O filho, Marcos, nasceu em 1965, em Cuba, onde seu pai vivia exilado. Sua mãe, Cátia, também exilada em Havana, é filha de Érica Odebrecht Valadares, irmã de Norberto.
Cátia era militante política e se exilou na embaixada do México em março de 1964. Depois da morte de Silva Lima, Cátia foi presa. Seu filho foi criado pela bisavó, Herta Odebrecht, mãe de Norberto, morta em julho do ano passado aos 99 anos.
Foi na Embaixada do México que Cátia conheceu Silva Lima, um sargento da Marinha que era vice-presidente da Associação dos Marinheiros. Fizeram parte do primeiro grupo de exilados do país. Foram inicialmente para o México. Depois se exilaram em Cuba, onde se casaram.
Silva Lima nasceu em Campina Grande (PB), de família pobre. Era alto e forte. Antes da política, foi centroavante do Estrela do Mar Esporte Clube, da Paraíba. Depois da Marinha, ingressou no MAR (Movimento Armado Revolucionário).

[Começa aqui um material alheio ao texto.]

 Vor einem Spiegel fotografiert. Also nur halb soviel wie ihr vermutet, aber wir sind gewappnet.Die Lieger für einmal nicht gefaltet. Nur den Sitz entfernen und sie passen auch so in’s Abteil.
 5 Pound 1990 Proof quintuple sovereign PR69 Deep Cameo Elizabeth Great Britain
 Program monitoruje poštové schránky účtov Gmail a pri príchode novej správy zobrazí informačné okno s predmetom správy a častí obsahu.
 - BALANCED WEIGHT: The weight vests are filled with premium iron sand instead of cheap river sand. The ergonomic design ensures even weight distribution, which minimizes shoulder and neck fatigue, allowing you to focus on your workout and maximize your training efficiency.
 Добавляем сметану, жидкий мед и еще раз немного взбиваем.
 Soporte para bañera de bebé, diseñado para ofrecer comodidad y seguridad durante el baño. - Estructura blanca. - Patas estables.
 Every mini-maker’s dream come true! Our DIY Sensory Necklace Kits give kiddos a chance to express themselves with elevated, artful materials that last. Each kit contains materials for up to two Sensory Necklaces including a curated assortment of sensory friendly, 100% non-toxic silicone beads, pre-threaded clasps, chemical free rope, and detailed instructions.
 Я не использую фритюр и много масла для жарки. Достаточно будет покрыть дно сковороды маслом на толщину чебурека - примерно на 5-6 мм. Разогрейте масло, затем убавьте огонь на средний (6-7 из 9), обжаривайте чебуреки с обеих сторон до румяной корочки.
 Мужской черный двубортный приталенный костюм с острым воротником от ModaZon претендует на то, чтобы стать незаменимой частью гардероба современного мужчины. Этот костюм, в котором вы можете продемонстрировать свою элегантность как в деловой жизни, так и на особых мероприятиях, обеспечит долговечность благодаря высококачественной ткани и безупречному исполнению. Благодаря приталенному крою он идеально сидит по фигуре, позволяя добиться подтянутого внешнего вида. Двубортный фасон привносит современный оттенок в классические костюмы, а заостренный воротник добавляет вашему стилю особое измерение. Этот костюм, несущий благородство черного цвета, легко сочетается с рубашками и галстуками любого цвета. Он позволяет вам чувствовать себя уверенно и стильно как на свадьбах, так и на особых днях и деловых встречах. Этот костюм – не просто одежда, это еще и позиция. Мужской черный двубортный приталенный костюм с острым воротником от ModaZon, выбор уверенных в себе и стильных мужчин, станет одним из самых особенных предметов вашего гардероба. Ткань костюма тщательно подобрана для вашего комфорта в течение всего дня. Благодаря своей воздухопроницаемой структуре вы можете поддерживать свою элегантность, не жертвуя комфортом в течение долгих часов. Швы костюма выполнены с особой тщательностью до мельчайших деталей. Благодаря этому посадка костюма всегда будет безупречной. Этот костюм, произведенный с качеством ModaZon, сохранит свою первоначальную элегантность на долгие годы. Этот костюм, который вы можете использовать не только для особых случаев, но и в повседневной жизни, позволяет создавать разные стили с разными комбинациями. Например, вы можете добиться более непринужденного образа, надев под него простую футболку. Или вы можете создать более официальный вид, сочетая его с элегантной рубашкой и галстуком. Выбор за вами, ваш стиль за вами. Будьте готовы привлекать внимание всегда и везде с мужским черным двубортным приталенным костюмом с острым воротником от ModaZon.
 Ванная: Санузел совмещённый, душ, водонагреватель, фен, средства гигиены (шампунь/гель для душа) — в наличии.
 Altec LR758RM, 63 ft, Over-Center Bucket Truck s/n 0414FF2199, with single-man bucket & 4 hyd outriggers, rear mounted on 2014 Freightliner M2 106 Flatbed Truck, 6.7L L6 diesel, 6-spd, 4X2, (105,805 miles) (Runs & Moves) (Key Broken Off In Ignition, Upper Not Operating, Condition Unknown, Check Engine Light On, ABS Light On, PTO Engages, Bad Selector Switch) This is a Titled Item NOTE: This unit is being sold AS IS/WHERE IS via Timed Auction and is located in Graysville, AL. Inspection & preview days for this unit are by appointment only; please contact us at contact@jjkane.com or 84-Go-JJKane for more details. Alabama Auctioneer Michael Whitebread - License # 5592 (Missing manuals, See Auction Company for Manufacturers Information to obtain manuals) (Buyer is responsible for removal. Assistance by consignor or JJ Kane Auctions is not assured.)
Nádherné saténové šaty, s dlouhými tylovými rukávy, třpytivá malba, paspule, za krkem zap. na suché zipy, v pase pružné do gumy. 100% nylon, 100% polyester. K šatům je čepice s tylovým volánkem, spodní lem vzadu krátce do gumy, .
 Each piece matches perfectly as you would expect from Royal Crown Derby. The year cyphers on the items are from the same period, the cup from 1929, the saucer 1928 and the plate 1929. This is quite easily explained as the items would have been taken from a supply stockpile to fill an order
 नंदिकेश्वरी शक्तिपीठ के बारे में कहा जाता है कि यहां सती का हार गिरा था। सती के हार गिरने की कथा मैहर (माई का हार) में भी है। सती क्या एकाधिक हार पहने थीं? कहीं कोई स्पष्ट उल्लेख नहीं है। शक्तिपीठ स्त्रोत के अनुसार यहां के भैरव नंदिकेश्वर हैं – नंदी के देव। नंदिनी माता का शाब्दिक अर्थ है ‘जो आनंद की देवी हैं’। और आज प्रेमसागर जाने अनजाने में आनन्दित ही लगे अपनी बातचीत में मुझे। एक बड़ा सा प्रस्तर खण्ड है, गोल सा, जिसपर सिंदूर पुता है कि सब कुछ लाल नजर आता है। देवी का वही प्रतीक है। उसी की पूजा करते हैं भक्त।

O casal morou em Cuba até 1967. Na volta ao Brasil, Silva Lima foi preso em São Paulo e levado para o Rio. Fugiu da prisão um ano depois. A partir daí, ficou na clandestinidade até receber tiros de fuzis na cabeça.
O Dossiê dos Mortos e Desaparecidos diz que ele foi deixado como desconhecido, no Hospital Souza Aguiar, em estado de coma. Morreu 15 minutos depois.
Após sua morte, Cátia foi presa três vezes. Marcos diz que ela escapou da morte e de torturas por causa do parentesco.
Além da família Odebrecht, Cátia também tinha sobrenome paterno importante. Seu pai, Clarival do Prado Valadares, foi um homem de muito prestígio no Rio. Era médico, historiador e crítico de arte. Ensinou nas principais universidades fluminenses.
Mais tarde, Cátia se casou com o desembargador Osny Duarte Pereira, com quem vive até hoje.
Solteiro, Marcos estudou comunicação e faz mestrado na área de informática. Trabalhou até recentemente na Odebrecht.
Votou em Lula em 1989 e em Fernando Henrique em 1994. Tem orgulho da atuação política do pai: "Meu pai não pode ser comparado a um bandido comum. Ele lutou por seus ideais".
A lembrança do pai é uma referência muito importante para ele. Um quadro na parede de seu quarto mostra a figura de um guerrilheiro de cabelos compridos, fuzil na mão e índios tatuados no peito.
"Cultuo esse quadro como se fosse a imagem do meu pai", diz. Segundo ele, os Odebrecht nunca foram um obstáculo na sua relação com a memória do pai. "Me dou muito bem com todos os meus tios. Minha bisavó Herta me adorava."
Criança, ouviu de um dos tios uma referência sobre o pai: "Ele me disse que não importava de que lado ele estava. Importava saber de que forma ele estava. "Meu pai sempre cumpriu esse padrão ético de conduta".
Marcos quer que a inclusão do seu pai na lista dos mortos do regime militar sirva de reparação moral e histórica.
Já decidiu o que fazer com os R$ 150 mil de indenização.
Metade vai para uma de suas tias, Marlene, irmã de seu pai. "A outra eu vou empregar em alguma coisa, que nem sei ainda o que é, que sirva para recuperar a memória de meu pai", afirma.